Objective: We aimed to investigate the combined use of D-dimer and neutrophil-to-lymphocyte ratio (NLR) as a prognostic index-coronavirus disease (PRI-COVID) in COVID-19 patients to predict mortality. Material and Methods: We included 152 COVID-19 patients in our cross-sectional study. The cut-off value of D-dimer to predict mortality was 1.07 µg/mL with a sensitivity of 68% and specificity of 80% [area under curve (AUC) ± SE: 0.752±0.05; positive predictive value (PPV) 39.5%, and negative predictive value (NPV) 92.7%; p<0.001]. Meanwhile, at a cut-off value of 3.83, the sensitivity and specificity of NLR in predicting mortality were 92% and 48.8%, respectively (AUC ± SE: 0.730±0.05; PPV: 26.1%; NPV: 96.9%; p<0.001). We categorized patients as low, moderate, and high risk using the PRI-COVID model (low risk: <1.07 D-dimer and <3.83 NLR; moderate risk: >1.07 D-dimer or >3.83 NLR; high risk: >1.07 D-dimer and NLR >3.83).
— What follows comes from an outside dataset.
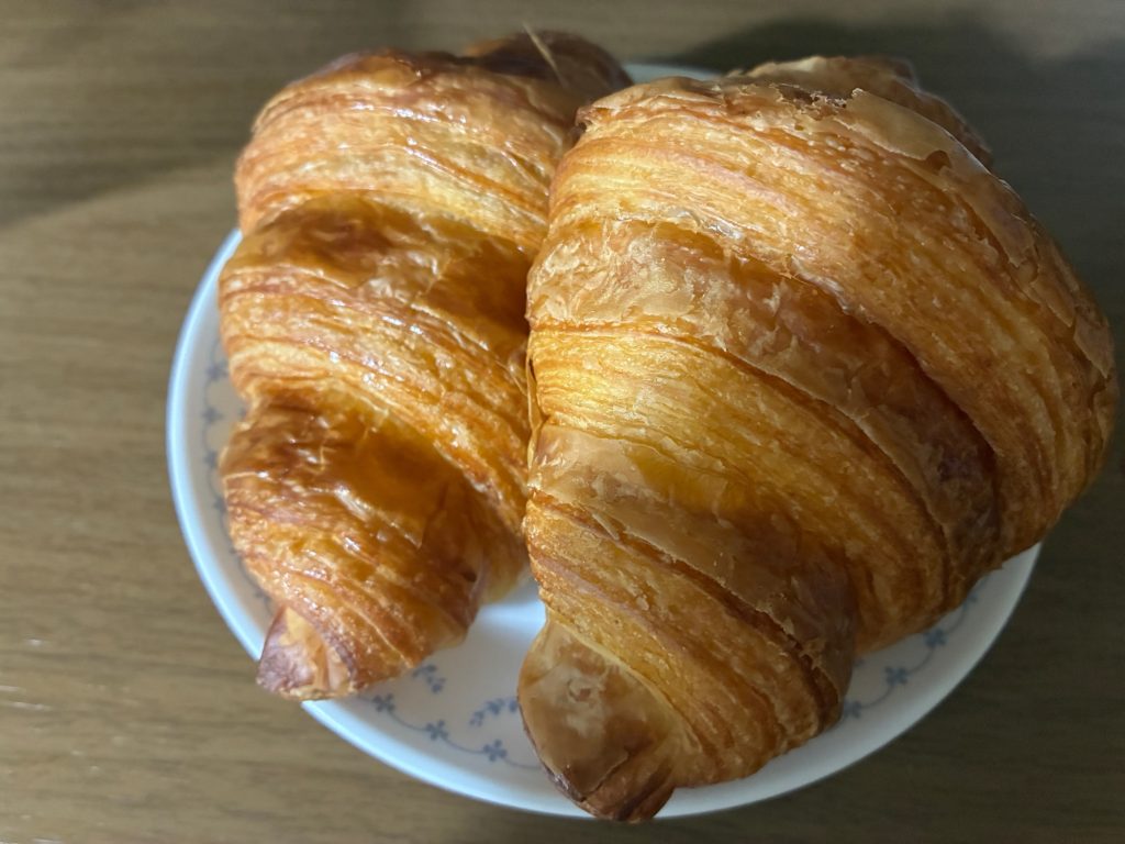 夫が息子へのお土産にとパンを買ってきた。クロワッサンと食パン。

High-risk PRI-COVID was associated with 6.37 times increased risk of death compared with the low/moderate risk group. Results: Combined use of coagulation and inflammation parameters might can be associated with mortality. Conclusion: Our results suggest that PRI-COVID is easy to assess and useful in predicting both 30-day and overall survival in patients with COVID-19.
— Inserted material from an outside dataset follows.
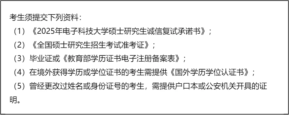 三、 复试资格审查需要准备的材料

联合使用d -二聚体和NLR作为COVID-19的预后指标
目的:探讨联合使用d -二聚体和中性粒细胞与淋巴细胞比值(NLR)作为COVID-19患者的预后指标-冠状病毒病(PRI-COVID)预测死亡率。材料和方法:我们在横断面研究中纳入了152例COVID-19患者。d -二聚体预测死亡率的临界值为1.07µg/mL,敏感性为68%,特异性为80%[曲线下面积(AUC)±SE: 0.752±0.05;阳性预测值(PPV) 39.5%,阴性预测值(NPV) 92.7%;p1.07 d -二聚体或>3.83 NLR;高危:d -二聚体>1.07,NLR >3.83)。高危PRI-COVID与低/中危组相比,死亡风险增加6.37倍。结果:凝血和炎症参数的联合使用可能与死亡率相关。结论:我们的研究结果表明,PRI-COVID易于评估,可用于预测COVID-19患者的30天和总生存。
本文章由计算机程序翻译,如有差异,请以英文原文为准。